Zum Film. Es geht um einen Serienmörder, welcher es auf Kriminelle abgesehen hat gegen die die Staatsmacht keine Handhabe gefunden hat. Bald schon stellt sich der Verdacht ein, dass es sich bei dem Killer um einen Polizisten handeln muss.
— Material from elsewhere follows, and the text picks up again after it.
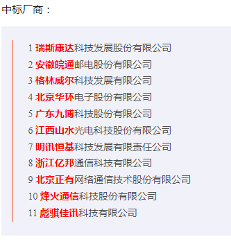 该项目投标的供应商不少,公告的就有5家厂商,然而这5家中竟然有三家都在初审中就被否决了,分别是安徽皖通邮电股份有限公司、江西山水光电科技股份有限公司和瑞斯康达科技发展股份有限公司。

Das Ganze hätte ein nettes Filmchen zum Thema Desillusionierung und moralischer Abstumpfung werden können, scheitert aber vollständig am dilettantischen Drehbuch (Russell Gerwitz, der immerhin den sehr guten „Inside Man“ geschrieben hat) und der lausigen Regie von Jon Avnet („Fried Green Tomatoes“). Die Story reiht Klischee an Klischee, gibt keiner Figur die nötige Tiefe und lässt z.B. den von Pacino gespielten „Rooster“ völlig in der Luft hängen und drängt ihn in die Rolle des coolen Sidekick des von De Niro eindimensional runter gespielten desillusionierten Klischee-Cops. Da fragt man sich schnell, warum für diese eigentlich unbedeutende Rolle ausgerechnet ein Star vom Kaliber eines Al Pacino verpflichtet werden musste. Die realtiv interessante Figur der auf Sado-Maso-Spielchen stehende Forensikerin wird motivationslos reingeworfen, trägt zur Handlung überhaupt nichts bei und wird lediglich für zwei unsinnige Suspense-Sequenzen missbraucht. Auch die Rivalität zwischen den beiden Ermittler-Teams (De Niro/Pacino auf der einen, Wahlberg/Leguizamo auf der anderen) wird mehr durch Standard-Szenen, die man aus unzähligen anderen Filmen oder Polizeiserien kennt, behauptet als näher beleuchtet. Zudem führt es gegen Ende des Filmes zu einem Logik-Bruch, welcher nicht nur nutzlos, sondern auch ärgerlich ist.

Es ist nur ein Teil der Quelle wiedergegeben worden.